Liquid Time-Constant Networks (LTCs)
Liquid Time-Constant Networks (LTCs) represent a cutting-edge approach in the development of continuous-time models using backpropagation through time (BPTT). This approach is part of a research initiative aimed at advancing the understanding and capabilities of neural networks operating in continuous time, as detailed in a scholarly paper available on arXiv. For practical and educational purposes, there is also a Pytorch version complete with tutorials in a sister repository, which provides further hands-on resources for users.
Available Models
The repository enables training of several continuous-time models, including:
- Liquid Time-Constant Networks: As described in the paper on arXiv.
- Neural Ordinary Differential Equations (ODEs): Documented in the NeurIPS conference paper.
- Continuous-time Recurrent Neural Networks (RNNs).
- Continuous-time Gated Recurrent Units (GRUs): Foundational understanding detailed in relevant research papers.
System Requirements
The models are developed and tested to run smoothly using TensorFlow 1.14.0 and Python 3 on Ubuntu systems (specifically versions 16.04 and 18.04). It's important to follow steps as outlined within such an environment for optimal performance and compatibility.
Preparation Steps
To begin using the repository, users should first download all necessary datasets by executing a specific script:
source download_datasets.sh
This command creates a directory labeled data, where all the requisite datasets are stored, setting the groundwork for model training and evaluation.

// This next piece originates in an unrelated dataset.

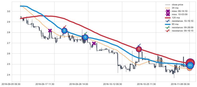 下跌趋势09-05 09:30-11-06 09:30,均线120, 65确认关键阻力3处
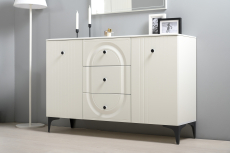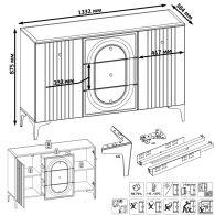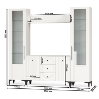 Графичное и стильное сочетание белоснежных фасадов и черных деталей эффектно расставляет акценты на мебели. Геометричный рисунок фрезеровки на белоснежных фасадах даёт развитый светотеневой рисунок. Комплектация состоит из комод-ТВ-тумбы Валенсия 13.309, даух пеналов Валенсия 13.218 и навесной полки Валенсия 16.481. Широкий комод с распашными дверками по бокам и тремя выдвижными ящиками в центре - вместительный и функциональный. Можно использовать как ТВ-тумбу. Над комодом расположена навесная открытая полка с задней панелью из МДФ. Полочка и задняя панель соединены металлическими кронштейнами черного цвета, усиливающие конструкцию и служащими креплениями к стене. Каждый пенал украшен оригинальной стеклянной вставкой на фасаде, за которой расположены стеклянные полки. За дверкой каждого пенала расположены 6 полок - четыре верхние полочки выполнены из стекла, нижние две из ЛДСП. Универсальная сборка - сторону открывания двери Вы определяете при сборке. Ящики установлены на направляющие скрытого монтажа с доводчиками. Двери закреплены на четырехшарнирных петлях. Установлена мебель на высокие ножки, что делает конструкцию лёгкой и воздушной и практичной в плане уборки. Мебель выполнена из экологически чистой ламинированной ДСП 16 мм, класса эмиссии Е1, детали обработаны ПВХ-кромкой. Фасады из МДФ с матовой ПВХ-плёнкой. Такое решение делает мебель визуально более ""мягкой"", комфортной и расслабляющей, что особенно актуально для спальни. Поставляется в разобранном виде в надёжной упаковке, с комплектом сборочной фурнитуры и инструкцией по сборке.

Training and Evaluating Models
The repository provides distinct Python scripts tailored for each dataset, facilitating targeted training and evaluation:
- gesture.py for hand gesture segmentation
- occupancy.py for room occupancy detection
- har.py for human activity recognition
- traffic.py for traffic volume prediction
- ozone.py for ozone level forecasting
Each script can be modified with the following parameters:
--model:Choose from lstm, ctrnn, ltc, ltc_rk, ltc_ex.--epochs:Number of training epochs, with a default of 200.--size:Number of hidden RNN units, defaulting to 32.--log:Frequency of validation metric evaluations.
Scripts conduct training for the specified epoch count, evaluate validation performance periodically, and upon completion, restore the best-performing checkpoint for test set evaluation. Results are systematically saved in the results folder in a CSV format.
To illustrate, one might train and evaluate a CT-RNN using:
python3 har.py --model ctrnn
Upon completion, a CSV file encapsulating training and evaluation metrics appears, providing insights into epochs, losses, and accuracy on various datasets.
Hyperparameters
Key hyperparameters used in the model training include:
- Minibatch size: 16, indicating the number of samples per gradient descent update.
- Learning rate: Adjusted for model (LTC: 0.01-0.02, others: 0.001).
- Hidden units: 32 in each model.
- Optimizer: Adam, with parameters beta_1 (0.9), beta_2 (0.999), epsilon (1e-08).
- Number of epochs: Maximum set at 200.
- BPTT length: 32 time-steps.
- ODE solver steps: Consistent with the input sampling period.
- Validation interval: Every epoch.
Trajectory Length Analysis
For trajectory length analysis, the main.m file is available for running desired settings tuneable in the code. This tool allows a deep dive into specificity regarding the length and behavior of trajectories within your data set.
The project provides an in-depth exploration of continuous-time neural models and offers the community a robust framework for experimentation and learning.